### Problem to solve:
Every line below is to be copied exactly, with the pictures left out.

### Information provided:
= = = = = = =

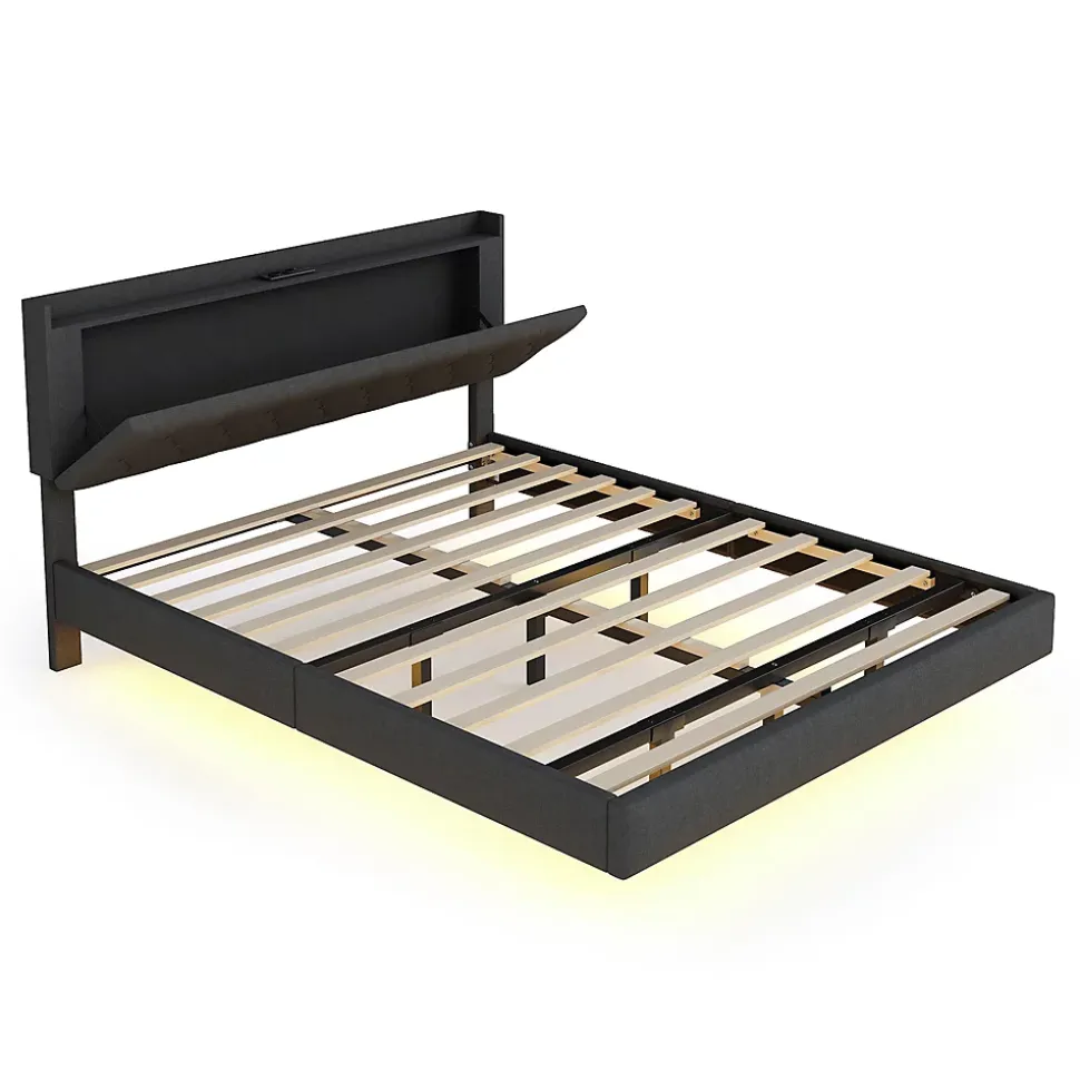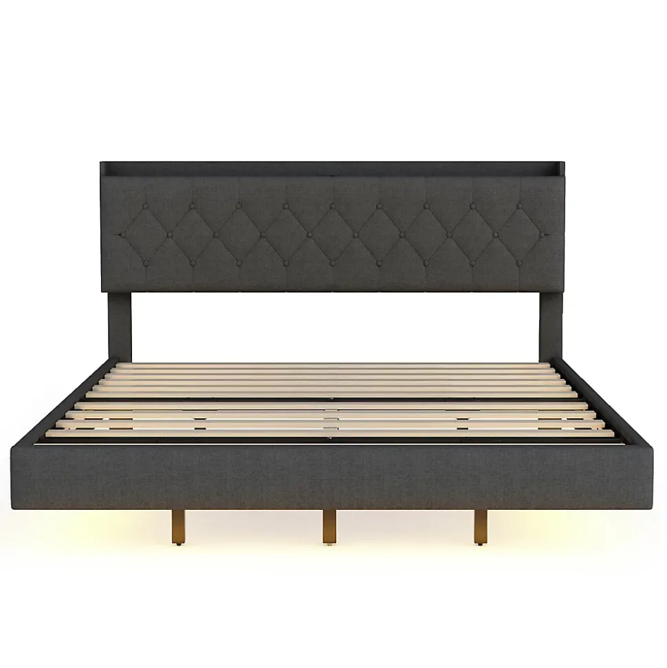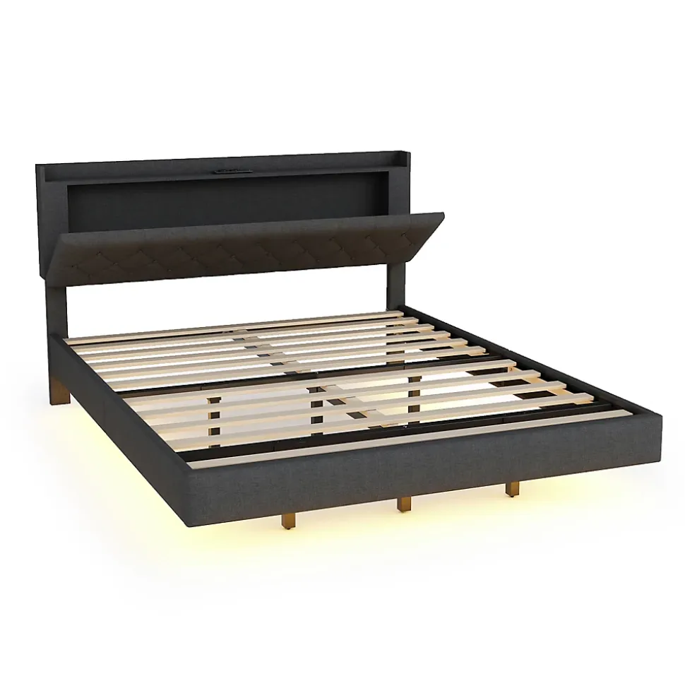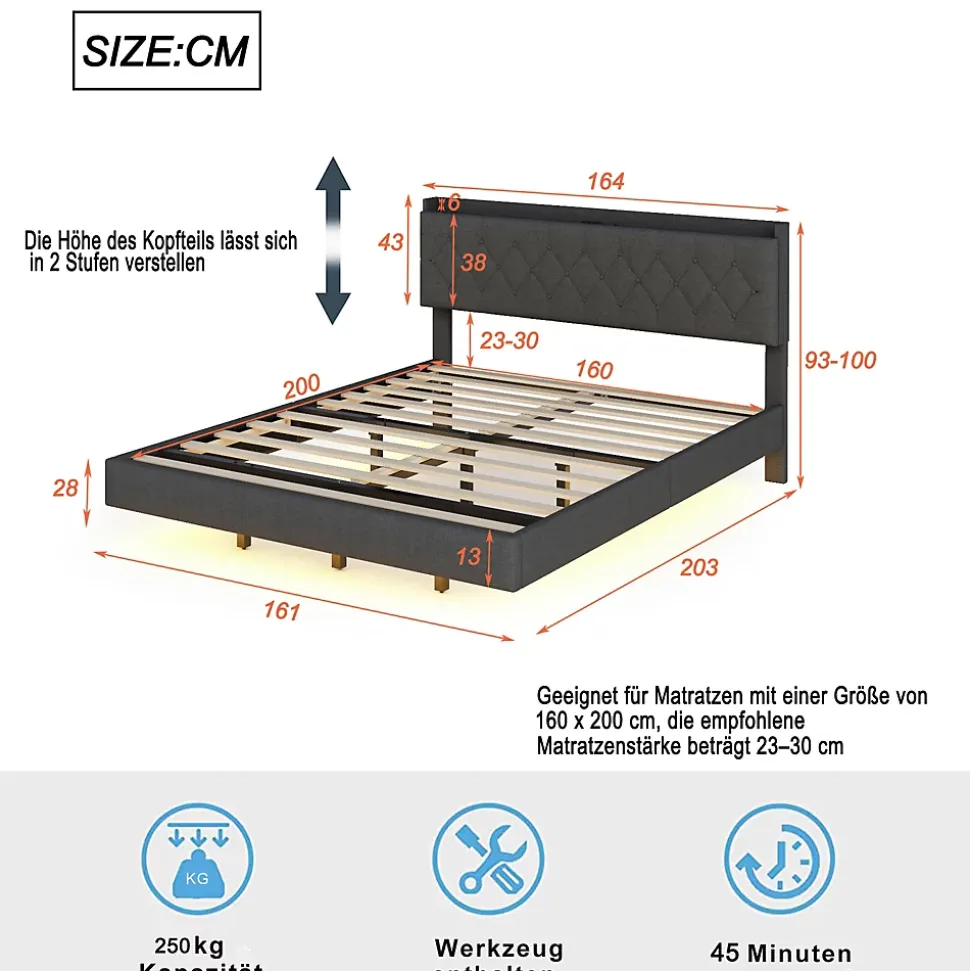 Design & styleCe lit 160×200 cm tapissé en tissu lin gris propose un look moderne et raffiné. La tête de lit réglable en hauteur s’adapte aux différentes épaisseurs de matelas et apporte un soutien confortable pour la lecture ou la détente. La finition sobre s’intègre facilement dans une chambre contemporaine.Fonctionnalité & rangement Bande LED multicolore discrètement intégrée sous le cadre, plusieurs modes d’éclairage pour personnaliser l’ambiance selon l’heure ou l’activité. Prise USB intégrée sur le cadre pour charger vos appareils sans chercher de prise murale. Coffre de rangement relevable côté table de chevet, pratique pour ranger linge, oreillers ou petits objets et garder la chambre ordonnée.Structure & confortCadre conçu avec une ossature métallique renforcée, panneaux MDF et contreplaqué, et 12 lattes pour un soutien homogène. Capacité de charge maximale 250 kg. Recommandation d’utilisation avec matelas d’une épaisseur comprise entre 23 et 30 cm pour un maintien adapté.Matériaux & entretienTissu tapissé en lin agréable au toucher, résistant à l’usure et facile d’entretien. Nettoyer avec un chiffon doux et éviter les produits abrasifs ou solvants. Les surfaces métalliques et panneaux peuvent être essuyés avec un chiffon légèrement humide.Installation & livraisonProduit livré en 2 colis (peuvent arriver séparément). Montage requis, deux personnes recommandées, durée estimée 2 heures. Tous les outils nécessaires sont fournis; l’utilisation d’outils électriques est déconseillée. Dimensions totales : 203x164x100 cm, poids total du colis environ 45 kg.
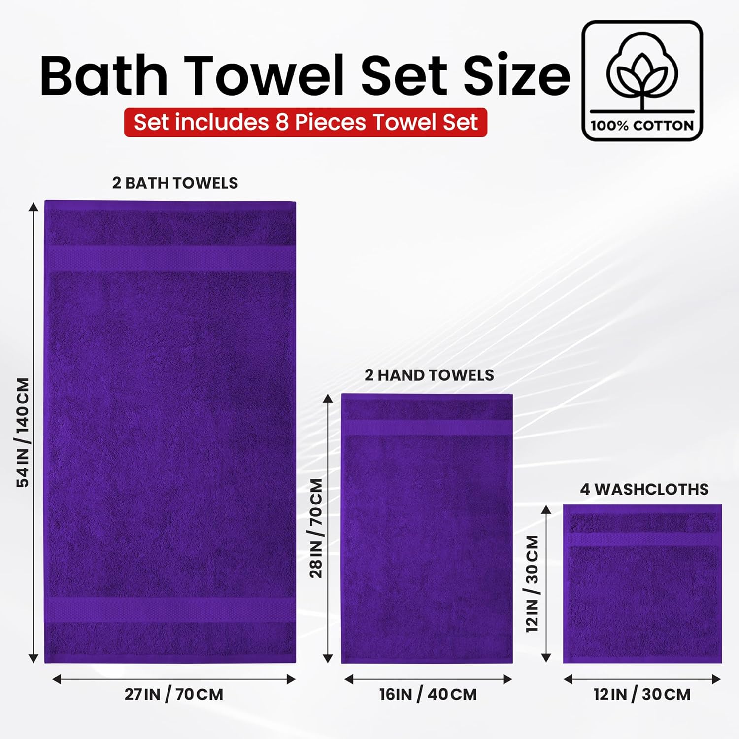 Infinitee Xclusives Luxury 100% Cotton Towel Set – 8 Piece Bathroom Towel Set (2 Bath Towels, 2 Hand Towels, 4 Washcloths) – Soft & Absorbent Towels for Bathroom (Profound Purple)
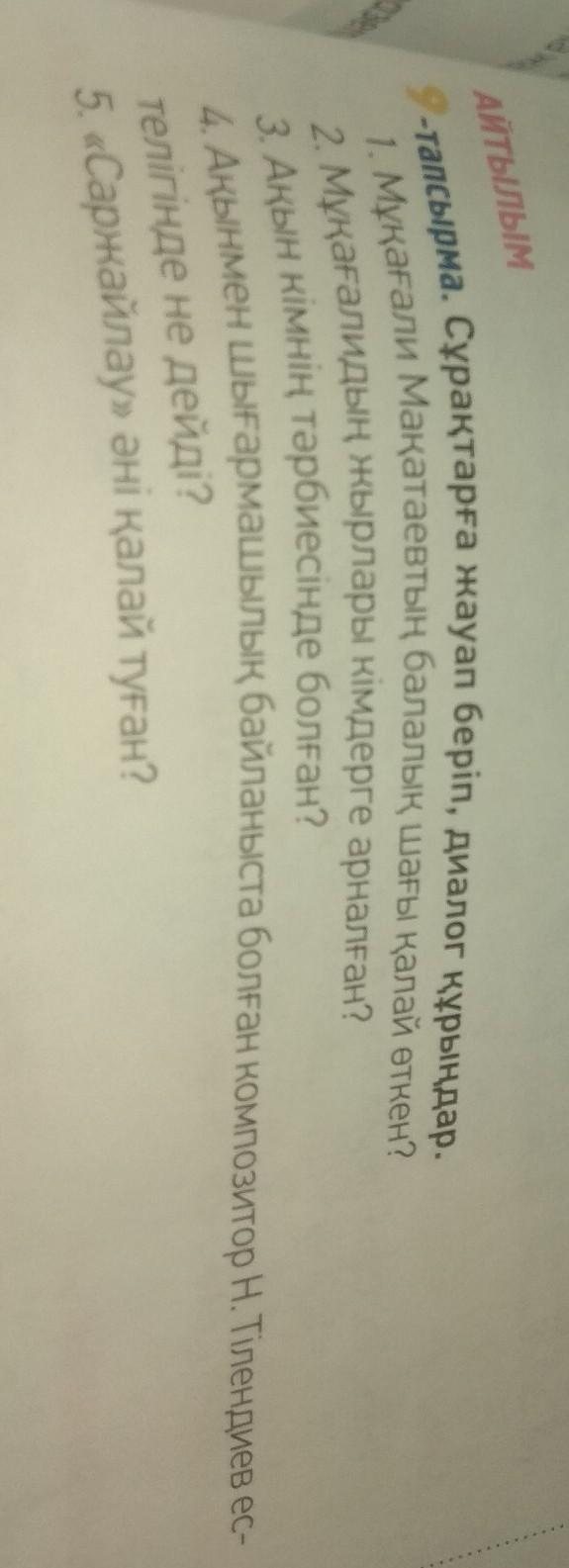Отвечая на вопросы о диалоге. 1. Как прошло детство Мукагали Макатаева? Кто такие стихи из Книги Мукагали? 3. Кого воспитал поэт? 4. Композитор с творческой работой с поэтом Что говорит Тлендиев в своей памяти? 5. Как родилась песня "Sarzhailau"?

= = = = = = =

### Reply to the exercise:
 Design & styleCe lit 160×200 cm tapissé en tissu lin gris propose un look moderne et raffiné. La tête de lit réglable en hauteur s’adapte aux différentes épaisseurs de matelas et apporte un soutien confortable pour la lecture ou la détente. La finition sobre s’intègre facilement dans une chambre contemporaine.Fonctionnalité & rangement Bande LED multicolore discrètement intégrée sous le cadre, plusieurs modes d’éclairage pour personnaliser l’ambiance selon l’heure ou l’activité. Prise USB intégrée sur le cadre pour charger vos appareils sans chercher de prise murale. Coffre de rangement relevable côté table de chevet, pratique pour ranger linge, oreillers ou petits objets et garder la chambre ordonnée.Structure & confortCadre conçu avec une ossature métallique renforcée, panneaux MDF et contreplaqué, et 12 lattes pour un soutien homogène. Capacité de charge maximale 250 kg. Recommandation d’utilisation avec matelas d’une épaisseur comprise entre 23 et 30 cm pour un maintien adapté.Matériaux & entretienTissu tapissé en lin agréable au toucher, résistant à l’usure et facile d’entretien. Nettoyer avec un chiffon doux et éviter les produits abrasifs ou solvants. Les surfaces métalliques et panneaux peuvent être essuyés avec un chiffon légèrement humide.Installation & livraisonProduit livré en 2 colis (peuvent arriver séparément). Montage requis, deux personnes recommandées, durée estimée 2 heures. Tous les outils nécessaires sont fournis; l’utilisation d’outils électriques est déconseillée. Dimensions totales : 203x164x100 cm, poids total du colis environ 45 kg.
 Infinitee Xclusives Luxury 100% Cotton Towel Set – 8 Piece Bathroom Towel Set (2 Bath Towels, 2 Hand Towels, 4 Washcloths) – Soft & Absorbent Towels for Bathroom (Profound Purple)
Отвечая на вопросы о диалоге. 1. Как прошло детство Мукагали Макатаева? Кто такие стихи из Книги Мукагали? 3. Кого воспитал поэт? 4. Композитор с творческой работой с поэтом Что говорит Тлендиев в своей памяти? 5. Как родилась песня "Sarzhailau"?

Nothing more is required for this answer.